2022 Statistical Science Lecturer
Michael I. Jordan
Pehong Chen Distinguished Professor in Dept of Electrical Engineering and Computer Sciences and Professor of Statistics, UC Berkeley, USA
Lecture
Title
On Learning-Aware Mechanism Design
Abstract
Statistical decisions are often given meaning in the context of other decisions, particularly when there are scarce resources to be shared. Managing such sharing is one of the classical goals of microeconomics, and it is given new relevance in the modern setting of large, human-focused datasets, and in data-analytic contexts such as classifiers and recommendation systems. I'll discuss several recent projects that aim to explore the interface between machine learning and microeconomics, including leader/follower dynamics in strategic classification, a Lyapunov theory for matching markets with transfers, and the use of contract theory as a way to design mechanisms that perform statistical inference.
Bio
Michael I. Jordan is the Pehong Chen Distinguished Professor in the Department of Electrical Engineering and Computer Science and the Department of Statistics at the University of California, Berkeley. He received his Master’s in Mathematics from Arizona State University and earned his PhD in Cognitive Science in 1985 from the University of California, San Diego. He was a professor at MIT from 1988 to 1998. His research interests bridge the computational, statistical, cognitive, biological, and social sciences. In 2016, Prof. Jordan was named the "most influential computer scientist" worldwide in an article in Science, based on rankings from the Semantic Scholar search engine. Prof.
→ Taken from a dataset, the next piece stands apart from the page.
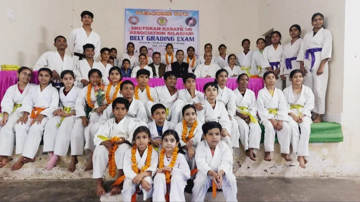 प्रथम शोतो कान स्टाइल कराटे एसोसिएशन बिलासपुर द्वारा आयोजित कराते बेल्ट परीक्षा में बिलासपुर जिले के 52 बच्चों ने सामुदायिक भवन शनि मंदिर राजकिशोर नगर में परीक्षा दिलाई। इस अवसर पर अतिथियों ने भी उनका उत्साहवर्धन किया। बिलासपुर कराटे अकादमी के 26 बच्चों सहीत डीपी महाविद्यालय के 26 बच्चों को मिलाकर 52 बच्चों ने परीक्षा उत्तीर्ण की। खिलाड़ियों के अथक परिश्रम से कराते के बारीकियों को सिखाते हुए पंच किक डाची कराटे काता/ कुमिते टेस्ट देते हुए बेल्ट परीक्षा पास की इसमें येलो ऑरेंज ब्राउन पर्पल बेल्ट के लिए ग्रेडिंग दी। मुख्य प्रशिक्षक सिंहान सुशील चंद्रा अध्यक्ष कराटे एसोसिएशन ऑफ़ छत्तीसगढ़ श्री सिंहान अविनाश शेट्टी की महासचिव कराते एसोसिएशन ऑफ छत्तीसगढ़ मुख्य प्रशिक्षक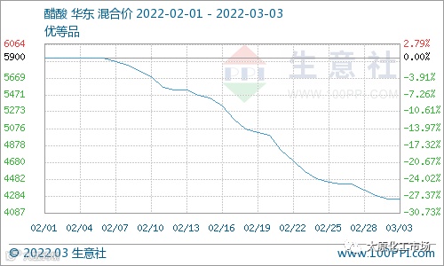 今日醋酸价格行情暂稳运行,华东地区市场均价较昨日持平,市场行情止跌企稳。

Jordan is a Member of the National Academy of Sciences, the National Academy of Engineering, the American Academy of Arts and Sciences, a Fellow of the American Association for the Advancement of Science, a Foreign Member of the Royal Society, UK, and a Fellow of a broad range of societies. He received the Ulf Grenander Prize from the American Mathematical Society (2021), the IEEE John von Neumann Medal (2020), the IJCAI Research Excellence Award (2016), the David E. Rumelhart Prize for contributions to human cognition (2015), and the ACM/AAAI Allen Newell Award (2009).